Собаку заперли в подвале. Дима запирал ее там изредка и прежде, и это всегда проходило легко и просто, но сегодня Мать просила профессора сопровождать Диму и присутствовать при прощании. Она боялась оставлять Диму одного с его мыслями.

– Пока! – сказал Дима летучее словцо и помахал Собаке рукою. – Из Англии получишь новый ошейник. Будь здорова и не смей стариться. Еще увидимся. Сам приеду за тобой!

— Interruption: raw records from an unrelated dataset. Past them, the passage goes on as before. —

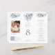 REMARQUE IMPORTANTE : Ce triplé est fourni à plat, SANS présélection. Tu vas le plier toi-même. Pour vous aider à plier avec précision, des directives sont imprimées sur le dos pour les trois panneaux, plus un panneau extra fin sur le côté droit pour que vous appliquiez la colle pour coller le triple ensemble une fois que vous l'avez plié. Blue Floral Photo QR Trifold Mariage Menu Table No. Ce do-it-yourself tripli pratique combine votre numéro de table, menu et partager la section Amour avec un code QR pour que vos invités puissent scanner et télécharger leurs photos sur le site Web de votre choix. Les mots "Table" et "Bienvenue" sont dans un script stylé. Personnalisez facilement le reste du texte au besoin et remplacez l'exemple d'image par le vôtre. Changez l'exemple d'URL du code QR à celui de votre propre URL et votre code QR sera automatiquement généré pour remplacer l'exemple de code.
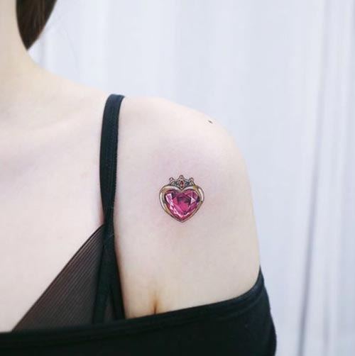 รูปเพชรทรงหัวใจสีชมพูขอบทองดูงดงามมาก สักตรงไหล่ดูมีเสน่ห์ขึ้นไปอีก
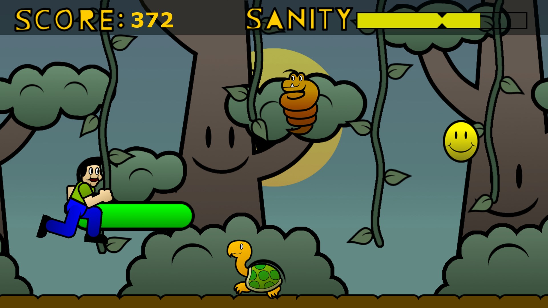Jump on enemies and collect hearts to regain sanity. The mask powerup allows you to take a single hit without losing any sanity, at the cost of losing your mask. You lose sanity constantly and by enemies running into you. To get a high score in Arcade Hysteria, make sure you never miss a heart Powerup and always jump on enemies!
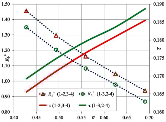 Figure 8 displays the variations of the dimensionless borehole thermal resistance, Rb*, and dimensionless outlet fluid temperature, τ, versus dimensionless shank spacing, defined as σ = S/ Db, at t = 100 h. The figure shows that the dimensionless thermal resistance, defined as Rb* = 2π kgd Rb, is a decreasing function of the shank spacing; the wider the shank spacing, the lower the BHE thermal resistance. For different shank spacing values, it is evident that configuration (1-3,2-4) has a lower thermal resistance compared with configuration (1-2,3-4), with an average difference of 7.17%.
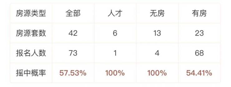 最终,42套房有73组登记,其中有房68组,上车概率约二进一!
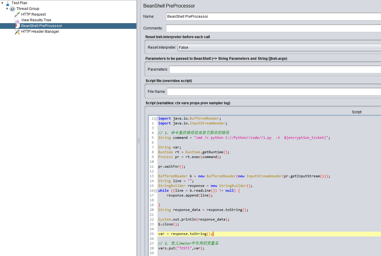 背景:想将Python程序生成的参数直接在Http信息头里进行引用。一开始在网络上查到的方法是JSR223处理器,后来发现JSR223仅支持Python2.7及以下的版本,于是另寻他法,找到了一种用Beanshell调用的方法可以支持Python3,Beanshell本身是Java语法的,但这里只需要复制粘贴别人的代码就行。在自己这里总结一下。
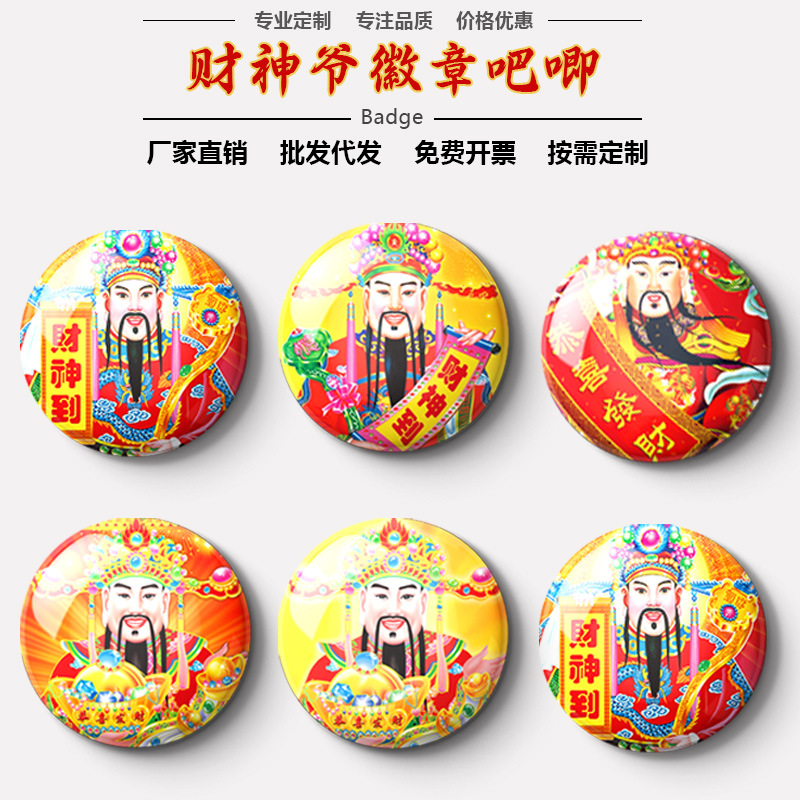 メーカー卸売り創意財神バッジ消耗品ブリキアニメの胸章服装装飾はロゴを追加することができます。
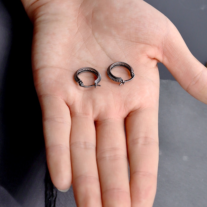 Detail Anting Bentuk Lingkaran Warna Hitam Bahan Tembaga Anti Alergi Gaya Retro Untuk Pria Dan Wanita

– Дима, – перебил профессор сцену прощания, – а ты не забудешь карту? Как будто я ее видел в столовой.

И Дима побежал за картой.

Но пришел момент, когда все уже стояли на набережной. Не давая опомниться мальчику, профессор еще раз повторял, показывая на карте, как Дима поедет: сначала на маленьком пароходе до Шанхая. Там остановка и пересадка на большой океанский пароход до Марселя. Затем… Раздался гудок, сигнал пассажирам всходить на пароход. Миссис Парриш давно попрощалась и ждала Диму на палубе. И только услышав сигнал к прощанию, – только тут, в этот последний момент, ребенок понял, что происходит. Он страшно побледнел, глазки его широко раскрылись и на миг потеряли всякое выражение.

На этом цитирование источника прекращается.